▸ **WORK ORDER**
Line by line, give the data again exactly as it appears.

▸ **Dataset items**
[Start of section]

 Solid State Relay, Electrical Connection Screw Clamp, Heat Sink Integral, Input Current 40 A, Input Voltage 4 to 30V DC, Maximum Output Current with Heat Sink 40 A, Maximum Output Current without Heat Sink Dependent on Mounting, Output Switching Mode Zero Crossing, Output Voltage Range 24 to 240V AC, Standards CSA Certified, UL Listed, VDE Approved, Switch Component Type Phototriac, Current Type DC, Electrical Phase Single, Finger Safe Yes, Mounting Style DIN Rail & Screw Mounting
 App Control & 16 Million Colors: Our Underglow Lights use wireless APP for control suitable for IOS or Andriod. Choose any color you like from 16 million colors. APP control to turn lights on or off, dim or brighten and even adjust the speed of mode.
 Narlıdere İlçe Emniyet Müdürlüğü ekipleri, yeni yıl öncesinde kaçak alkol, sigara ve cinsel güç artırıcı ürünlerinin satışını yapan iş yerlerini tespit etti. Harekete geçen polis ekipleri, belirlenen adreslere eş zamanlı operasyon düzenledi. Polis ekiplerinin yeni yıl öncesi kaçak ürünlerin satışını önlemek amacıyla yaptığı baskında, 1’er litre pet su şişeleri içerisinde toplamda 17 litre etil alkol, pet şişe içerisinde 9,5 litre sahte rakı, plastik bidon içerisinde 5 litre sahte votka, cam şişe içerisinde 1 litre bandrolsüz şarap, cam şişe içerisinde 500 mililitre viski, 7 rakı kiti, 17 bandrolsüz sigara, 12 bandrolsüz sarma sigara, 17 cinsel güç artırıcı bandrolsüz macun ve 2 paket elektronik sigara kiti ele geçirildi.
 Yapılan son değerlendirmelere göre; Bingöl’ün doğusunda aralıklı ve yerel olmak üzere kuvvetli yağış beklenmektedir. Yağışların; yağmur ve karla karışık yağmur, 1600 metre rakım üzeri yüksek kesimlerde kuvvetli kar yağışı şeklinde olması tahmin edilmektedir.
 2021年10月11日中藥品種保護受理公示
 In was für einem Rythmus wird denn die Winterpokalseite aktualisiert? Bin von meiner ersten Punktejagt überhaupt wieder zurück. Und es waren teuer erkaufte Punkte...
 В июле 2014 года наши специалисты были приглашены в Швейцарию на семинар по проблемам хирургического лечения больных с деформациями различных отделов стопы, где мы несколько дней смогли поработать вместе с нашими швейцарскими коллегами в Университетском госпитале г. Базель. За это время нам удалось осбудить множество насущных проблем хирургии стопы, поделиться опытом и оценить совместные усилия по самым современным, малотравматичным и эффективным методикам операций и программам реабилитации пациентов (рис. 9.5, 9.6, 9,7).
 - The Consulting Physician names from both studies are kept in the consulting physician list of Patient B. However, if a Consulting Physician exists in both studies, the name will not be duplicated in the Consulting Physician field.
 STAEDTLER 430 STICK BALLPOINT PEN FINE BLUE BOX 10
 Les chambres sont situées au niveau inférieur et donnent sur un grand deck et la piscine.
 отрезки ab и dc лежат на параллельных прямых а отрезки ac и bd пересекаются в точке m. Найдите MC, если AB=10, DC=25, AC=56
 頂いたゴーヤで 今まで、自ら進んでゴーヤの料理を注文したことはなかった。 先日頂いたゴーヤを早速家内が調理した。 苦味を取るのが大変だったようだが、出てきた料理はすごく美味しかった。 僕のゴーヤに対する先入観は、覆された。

[End of section]

▸ **SOLUTION TO THIS TASK**
 Solid State Relay, Electrical Connection Screw Clamp, Heat Sink Integral, Input Current 40 A, Input Voltage 4 to 30V DC, Maximum Output Current with Heat Sink 40 A, Maximum Output Current without Heat Sink Dependent on Mounting, Output Switching Mode Zero Crossing, Output Voltage Range 24 to 240V AC, Standards CSA Certified, UL Listed, VDE Approved, Switch Component Type Phototriac, Current Type DC, Electrical Phase Single, Finger Safe Yes, Mounting Style DIN Rail & Screw Mounting
 App Control & 16 Million Colors: Our Underglow Lights use wireless APP for control suitable for IOS or Andriod. Choose any color you like from 16 million colors. APP control to turn lights on or off, dim or brighten and even adjust the speed of mode.
 Narlıdere İlçe Emniyet Müdürlüğü ekipleri, yeni yıl öncesinde kaçak alkol, sigara ve cinsel güç artırıcı ürünlerinin satışını yapan iş yerlerini tespit etti. Harekete geçen polis ekipleri, belirlenen adreslere eş zamanlı operasyon düzenledi. Polis ekiplerinin yeni yıl öncesi kaçak ürünlerin satışını önlemek amacıyla yaptığı baskında, 1’er litre pet su şişeleri içerisinde toplamda 17 litre etil alkol, pet şişe içerisinde 9,5 litre sahte rakı, plastik bidon içerisinde 5 litre sahte votka, cam şişe içerisinde 1 litre bandrolsüz şarap, cam şişe içerisinde 500 mililitre viski, 7 rakı kiti, 17 bandrolsüz sigara, 12 bandrolsüz sarma sigara, 17 cinsel güç artırıcı bandrolsüz macun ve 2 paket elektronik sigara kiti ele geçirildi.
 Yapılan son değerlendirmelere göre; Bingöl’ün doğusunda aralıklı ve yerel olmak üzere kuvvetli yağış beklenmektedir. Yağışların; yağmur ve karla karışık yağmur, 1600 metre rakım üzeri yüksek kesimlerde kuvvetli kar yağışı şeklinde olması tahmin edilmektedir.
 2021年10月11日中藥品種保護受理公示
 In was für einem Rythmus wird denn die Winterpokalseite aktualisiert? Bin von meiner ersten Punktejagt überhaupt wieder zurück. Und es waren teuer erkaufte Punkte...
 В июле 2014 года наши специалисты были приглашены в Швейцарию на семинар по проблемам хирургического лечения больных с деформациями различных отделов стопы, где мы несколько дней смогли поработать вместе с нашими швейцарскими коллегами в Университетском госпитале г. Базель. За это время нам удалось осбудить множество насущных проблем хирургии стопы, поделиться опытом и оценить совместные усилия по самым современным, малотравматичным и эффективным методикам операций и программам реабилитации пациентов (рис. 9.5, 9.6, 9,7).
 - The Consulting Physician names from both studies are kept in the consulting physician list of Patient B. However, if a Consulting Physician exists in both studies, the name will not be duplicated in the Consulting Physician field.
 STAEDTLER 430 STICK BALLPOINT PEN FINE BLUE BOX 10
 Les chambres sont situées au niveau inférieur et donnent sur un grand deck et la piscine.
 отрезки ab и dc лежат на параллельных прямых а отрезки ac и bd пересекаются в точке m. Найдите MC, если AB=10, DC=25, AC=56
 頂いたゴーヤで 今まで、自ら進んでゴーヤの料理を注文したことはなかった。 先日頂いたゴーヤを早速家内が調理した。 苦味を取るのが大変だったようだが、出てきた料理はすごく美味しかった。 僕のゴーヤに対する先入観は、覆された。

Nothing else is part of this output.